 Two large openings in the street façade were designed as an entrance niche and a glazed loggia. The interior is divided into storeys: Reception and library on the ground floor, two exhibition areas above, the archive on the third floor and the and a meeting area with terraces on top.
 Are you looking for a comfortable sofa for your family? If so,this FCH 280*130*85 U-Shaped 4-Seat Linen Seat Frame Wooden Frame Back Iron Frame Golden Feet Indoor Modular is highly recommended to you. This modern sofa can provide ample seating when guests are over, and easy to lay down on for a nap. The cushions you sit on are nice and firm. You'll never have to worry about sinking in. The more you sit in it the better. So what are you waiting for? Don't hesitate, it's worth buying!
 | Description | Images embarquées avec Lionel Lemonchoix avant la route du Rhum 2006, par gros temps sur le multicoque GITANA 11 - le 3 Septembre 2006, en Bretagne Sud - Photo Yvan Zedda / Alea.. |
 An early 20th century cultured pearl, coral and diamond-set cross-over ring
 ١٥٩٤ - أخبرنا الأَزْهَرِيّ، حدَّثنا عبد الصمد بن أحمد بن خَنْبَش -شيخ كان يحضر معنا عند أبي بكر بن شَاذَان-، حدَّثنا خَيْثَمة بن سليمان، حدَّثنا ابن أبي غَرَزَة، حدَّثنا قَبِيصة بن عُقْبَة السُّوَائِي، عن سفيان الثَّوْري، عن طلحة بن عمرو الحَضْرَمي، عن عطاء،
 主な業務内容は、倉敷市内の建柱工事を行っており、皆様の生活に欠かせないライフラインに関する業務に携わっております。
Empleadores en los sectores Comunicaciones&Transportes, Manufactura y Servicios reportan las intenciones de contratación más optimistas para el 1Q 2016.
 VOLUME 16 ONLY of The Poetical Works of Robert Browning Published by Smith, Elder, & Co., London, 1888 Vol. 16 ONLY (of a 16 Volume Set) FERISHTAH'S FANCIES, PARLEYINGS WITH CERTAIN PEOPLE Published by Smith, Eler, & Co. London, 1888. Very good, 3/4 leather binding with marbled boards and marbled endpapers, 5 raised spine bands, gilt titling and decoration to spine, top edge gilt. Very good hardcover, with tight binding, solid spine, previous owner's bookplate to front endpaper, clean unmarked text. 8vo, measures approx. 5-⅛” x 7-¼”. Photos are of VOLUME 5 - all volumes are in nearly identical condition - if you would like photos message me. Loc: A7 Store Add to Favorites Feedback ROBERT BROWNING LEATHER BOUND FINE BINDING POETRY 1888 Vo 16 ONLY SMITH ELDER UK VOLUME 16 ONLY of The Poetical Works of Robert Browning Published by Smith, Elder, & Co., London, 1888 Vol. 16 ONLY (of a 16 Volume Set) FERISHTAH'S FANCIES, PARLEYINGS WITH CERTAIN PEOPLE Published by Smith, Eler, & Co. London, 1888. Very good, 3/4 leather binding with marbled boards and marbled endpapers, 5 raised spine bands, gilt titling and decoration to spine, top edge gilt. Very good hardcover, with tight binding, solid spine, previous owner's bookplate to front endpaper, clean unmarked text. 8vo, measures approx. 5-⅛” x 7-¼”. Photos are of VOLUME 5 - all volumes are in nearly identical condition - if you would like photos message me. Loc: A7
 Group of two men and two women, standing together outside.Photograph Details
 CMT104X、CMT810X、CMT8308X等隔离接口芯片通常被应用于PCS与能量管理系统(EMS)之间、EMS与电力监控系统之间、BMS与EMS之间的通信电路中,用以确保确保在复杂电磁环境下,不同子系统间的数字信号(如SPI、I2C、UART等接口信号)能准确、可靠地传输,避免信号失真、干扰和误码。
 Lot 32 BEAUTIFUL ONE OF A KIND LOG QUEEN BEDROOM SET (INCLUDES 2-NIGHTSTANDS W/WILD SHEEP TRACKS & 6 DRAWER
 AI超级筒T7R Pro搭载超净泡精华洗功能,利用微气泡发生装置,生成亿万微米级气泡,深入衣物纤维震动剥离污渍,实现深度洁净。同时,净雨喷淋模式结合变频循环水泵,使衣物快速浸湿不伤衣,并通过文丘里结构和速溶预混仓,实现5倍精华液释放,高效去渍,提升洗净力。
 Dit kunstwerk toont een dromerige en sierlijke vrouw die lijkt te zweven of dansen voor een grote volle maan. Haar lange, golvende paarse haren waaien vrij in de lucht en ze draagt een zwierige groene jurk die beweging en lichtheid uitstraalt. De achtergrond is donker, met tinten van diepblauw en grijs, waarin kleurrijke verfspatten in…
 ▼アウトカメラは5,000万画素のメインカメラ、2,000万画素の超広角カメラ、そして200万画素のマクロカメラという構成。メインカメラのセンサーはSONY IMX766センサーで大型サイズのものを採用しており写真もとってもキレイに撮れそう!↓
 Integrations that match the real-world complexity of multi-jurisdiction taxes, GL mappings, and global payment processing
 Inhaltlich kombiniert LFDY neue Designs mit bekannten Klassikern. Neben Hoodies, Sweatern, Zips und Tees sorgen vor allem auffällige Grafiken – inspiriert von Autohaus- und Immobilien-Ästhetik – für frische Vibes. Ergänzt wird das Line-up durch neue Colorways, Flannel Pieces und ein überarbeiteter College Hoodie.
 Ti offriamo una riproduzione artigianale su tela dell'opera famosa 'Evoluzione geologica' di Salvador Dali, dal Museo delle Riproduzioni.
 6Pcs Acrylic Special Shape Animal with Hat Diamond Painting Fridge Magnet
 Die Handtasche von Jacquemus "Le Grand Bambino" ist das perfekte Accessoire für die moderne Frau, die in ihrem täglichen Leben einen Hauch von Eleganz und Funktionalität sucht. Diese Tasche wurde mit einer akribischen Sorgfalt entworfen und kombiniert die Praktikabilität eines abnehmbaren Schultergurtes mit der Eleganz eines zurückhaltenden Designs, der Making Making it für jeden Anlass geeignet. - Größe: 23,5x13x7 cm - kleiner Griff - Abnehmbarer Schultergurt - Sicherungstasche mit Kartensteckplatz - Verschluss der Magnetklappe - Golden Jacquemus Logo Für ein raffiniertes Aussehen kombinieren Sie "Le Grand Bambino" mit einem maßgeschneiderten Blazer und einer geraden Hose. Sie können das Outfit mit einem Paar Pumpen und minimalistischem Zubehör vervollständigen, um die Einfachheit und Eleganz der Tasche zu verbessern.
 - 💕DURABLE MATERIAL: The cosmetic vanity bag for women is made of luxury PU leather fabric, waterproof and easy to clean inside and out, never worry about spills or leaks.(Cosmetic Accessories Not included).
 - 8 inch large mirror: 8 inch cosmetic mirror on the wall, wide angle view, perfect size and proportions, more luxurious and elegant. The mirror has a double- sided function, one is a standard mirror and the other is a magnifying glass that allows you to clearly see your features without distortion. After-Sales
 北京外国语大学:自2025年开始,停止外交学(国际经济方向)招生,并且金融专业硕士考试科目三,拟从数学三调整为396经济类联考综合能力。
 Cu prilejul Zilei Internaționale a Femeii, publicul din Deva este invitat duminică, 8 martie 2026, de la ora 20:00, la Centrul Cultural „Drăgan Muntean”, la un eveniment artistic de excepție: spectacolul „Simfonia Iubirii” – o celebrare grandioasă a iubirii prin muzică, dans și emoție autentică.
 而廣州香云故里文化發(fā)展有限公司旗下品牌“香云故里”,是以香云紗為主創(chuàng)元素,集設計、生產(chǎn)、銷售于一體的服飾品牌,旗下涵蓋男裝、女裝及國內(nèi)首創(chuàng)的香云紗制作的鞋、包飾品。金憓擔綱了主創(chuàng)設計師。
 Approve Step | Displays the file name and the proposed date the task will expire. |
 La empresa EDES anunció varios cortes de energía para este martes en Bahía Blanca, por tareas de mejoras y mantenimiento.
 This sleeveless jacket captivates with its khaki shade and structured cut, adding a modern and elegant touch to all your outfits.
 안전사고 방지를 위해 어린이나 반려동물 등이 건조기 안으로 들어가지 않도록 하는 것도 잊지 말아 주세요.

-- -- --

● **WORK ITEM**
Each line from the top of the records through the one with "Empleadores en los" should be returned exactly. Leave out everything else.

● **RESULT BELOW**
 Two large openings in the street façade were designed as an entrance niche and a glazed loggia. The interior is divided into storeys: Reception and library on the ground floor, two exhibition areas above, the archive on the third floor and the and a meeting area with terraces on top.
 Are you looking for a comfortable sofa for your family? If so,this FCH 280*130*85 U-Shaped 4-Seat Linen Seat Frame Wooden Frame Back Iron Frame Golden Feet Indoor Modular is highly recommended to you. This modern sofa can provide ample seating when guests are over, and easy to lay down on for a nap. The cushions you sit on are nice and firm. You'll never have to worry about sinking in. The more you sit in it the better. So what are you waiting for? Don't hesitate, it's worth buying!
 | Description | Images embarquées avec Lionel Lemonchoix avant la route du Rhum 2006, par gros temps sur le multicoque GITANA 11 - le 3 Septembre 2006, en Bretagne Sud - Photo Yvan Zedda / Alea.. |
 An early 20th century cultured pearl, coral and diamond-set cross-over ring
 ١٥٩٤ - أخبرنا الأَزْهَرِيّ، حدَّثنا عبد الصمد بن أحمد بن خَنْبَش -شيخ كان يحضر معنا عند أبي بكر بن شَاذَان-، حدَّثنا خَيْثَمة بن سليمان، حدَّثنا ابن أبي غَرَزَة، حدَّثنا قَبِيصة بن عُقْبَة السُّوَائِي، عن سفيان الثَّوْري، عن طلحة بن عمرو الحَضْرَمي، عن عطاء،
 主な業務内容は、倉敷市内の建柱工事を行っており、皆様の生活に欠かせないライフラインに関する業務に携わっております。
Empleadores en los sectores Comunicaciones&Transportes, Manufactura y Servicios reportan las intenciones de contratación más optimistas para el 1Q 2016.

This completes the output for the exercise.